When AACSB released its new accreditation standards in 2020, one of the most notable additions was the requirement for business schools to commit to making the world better through their strategic planning, curricula, and scholarship. The initiative received swift support from business deans across the globe, but many wondered how they could best operationalize the new standard.
While business schools undoubtedly were contributing to society before the 2020 standards were implemented, the majority of business schools were only providing line-item breakdowns on their societal impact efforts. We believe they can do a better job of creating impact if they align their efforts across all their activities. Such alignment will help them sharpen their focus, identify areas for improvement, and encourage them to be more intentional about meeting the spirit and intent of the 2020 AACSB standards.
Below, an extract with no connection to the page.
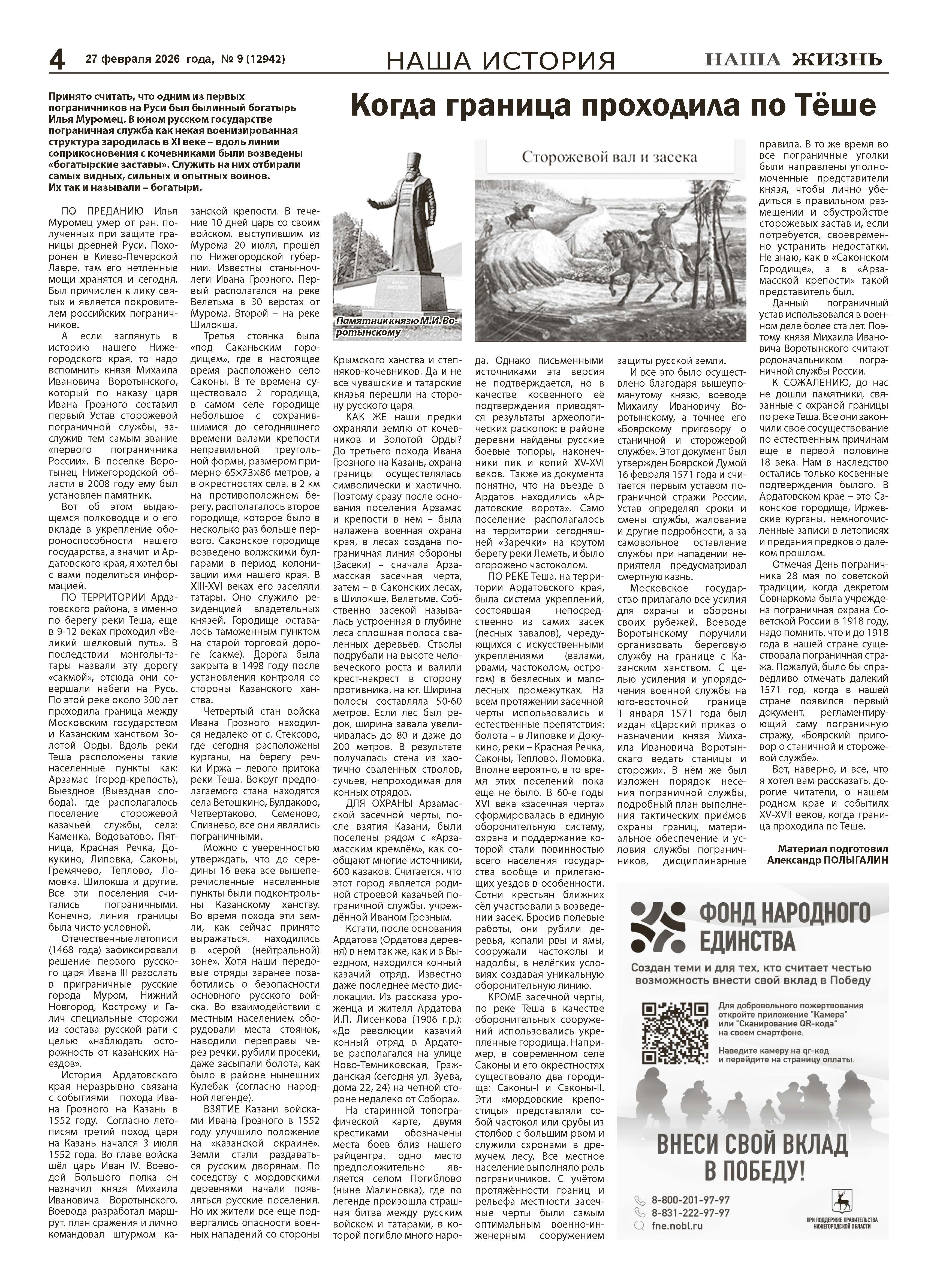 А если заглянуть в историю нашего Нижегородского края, то надо вспомнить князя Михаила Ивановича Воротынского, который по наказу царя Ивана Грозного составил первый Устав сторожевой пограничной службы, заслужив тем самым звание «первого пограничника России». В поселке Воротынец Нижегородской области в 2008 году ему был установлен памятник.

At AACSB’s International Conference and Annual Meeting (ICAM) in 2022, a model was proposed that would enable schools to do just that. It was presented by Samantha Steidle, one of the authors of this article. Attendees provided feedback on ways to make the model more robust, and the result is the Societal Impact Canvas.
The Importance of Impact
Before exploring how the canvas works, let’s take a look at why it’s so critical for business schools today to focus on societal impact by addressing “wicked problems” such as poverty, hunger, climate change, and global health.
First, by seeking solutions to these problems, business schools have a major opportunity to demonstrate leadership to society at large, which the Global Business School Network points out in a 2019 report. In fact, the report goes on, these issues represent “a 12 trillion USD opportunity wrapped up in the biggest crisis facing our world.” Many business schools are already providing this leadership, as demonstrated by the number of them that have committed to the United Nations’ Sustainable Development Goals (SDGs) and other environmental, social, and governance (ESG) issues. AACSB does not require colleges to adopt the SDG goals, targets, or indicators, but the association recommends that schools use the SDG categories as a way to summarize their initiatives across all efforts.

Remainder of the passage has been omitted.